@schnittchen What a bullshit of a PSA
I recommend setting up a free nextcloud account and storing keepass database on it
Then you can just remember your master password and access it anywhere anytime and securely.
Using Google Authentificator or even FreeOTP sacrifices on security as Google and the upstream developer knows your secrets.. On Keepassxc you get these from F-Droid preferably on an Android device that was degoogled.
PSA regarting 2FA (TOTP)
@kreyren Language please!
I am moving my TOTP secrets _into_ a password manager. Please read again what I wrote above.
And why exactly would the upstream developer have access to the secrets I enter on my phone? FreeOTP has no cloud feature and no need to move data anywhere off my phone.
> @kreyren Language please!
That was such a terrible PSA that you deserved that :p
I was commenting on:
> ALWAYS export your TOPT secret (which is hard!) to a 2nd secure location.
which is malpractice as then anyone who gets the hold of your device (like google, NSA, etc.. who has access to it at all times and remotely) can then have access to all of your other accounts that they might not have by law access to + the threat of a physical access and 0-days.
The one way you can get secure access to this sensitive data is by opening a user session that stores the processing data in RAM which makes it significantly more difficult for a bad actor to read as they then have to interpret binary data (unless the developer doesn't care and just stores plaintext there).
> And why exactly would the upstream developer have access to the secrets I enter on my phone? FreeOTP has no cloud feature and no need to move data anywhere off my phone.
I meant Apple in this case as you are using their proprietary solutions which is filled with backdoors and spyware for them to use at any time they want + their security is trash.
I consider FreeOTP relatively safe assuming that it's complying with GPLv3 (https://github.com/freeotp/freeotp-ios), but i didn't read the code to know for sure.
---
So again depending on your threat model the solution that i am recommending is:
Get a device that runs Android or even Linux with components and their wiring that you trust
In case of Android get a trusted 3rd party distribution such as LineageOS/DivestOS so that you remove all the malware that google and the device manufacturer put there in terms of a software (might also be concerned about the bootloader).
In terms of linux (which is significantly better in comparison to android in terms of functionality and security) i recommend distros that comply with GNU FSDG.
For the password management i recommend KeepAssXC/KeepAssDX that you got from a trustable source.

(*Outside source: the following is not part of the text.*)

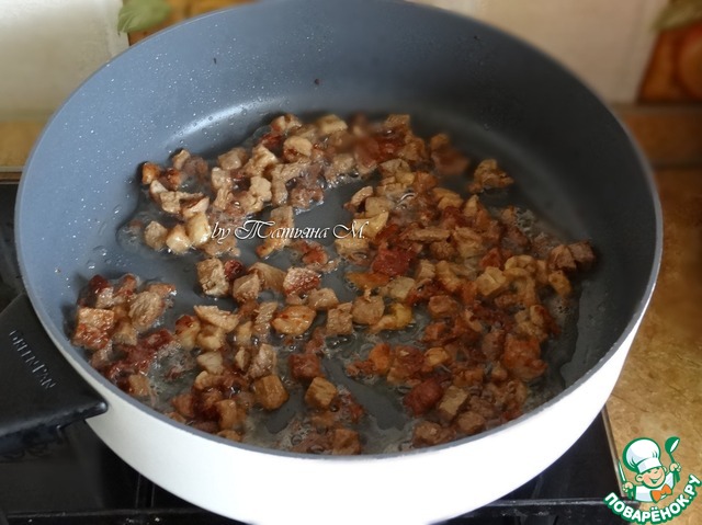 Утиную грудку порезать мелкими кубиками;
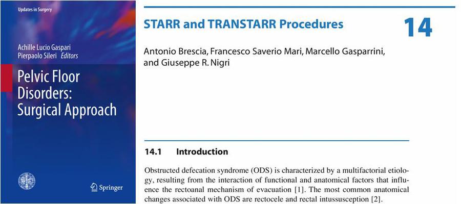 E' stato recentemente pubblicato un libro sulle patologie del pavimento pelvico che mi vede come Autore di un capitolo sulle tecniche chirurgiche di trattamento del prolasso del retto e della sindrome da defecazione ostruita.

In terms of android that is F-Droid or building the apk yourself assuming that you configure it to not use google services.
For the storage i recommend nextcloud such as https://tab.digital that then you can sync anywhere.
If you don't care that apple and their creepy friends are constantly watching and listening to you then i guess anything will work for you as long as it shows numbers *shrug*
FWIW i would also recommend to deprecate your dependence on SIP calls and use e.g. matrix.org for calls and SMS to further surveillance, if you really need to be able to use SIP calls e.g. to call an emergency number then i recommend getting a dumb phone with a quick bootup so that it can be turned off when you don't use it.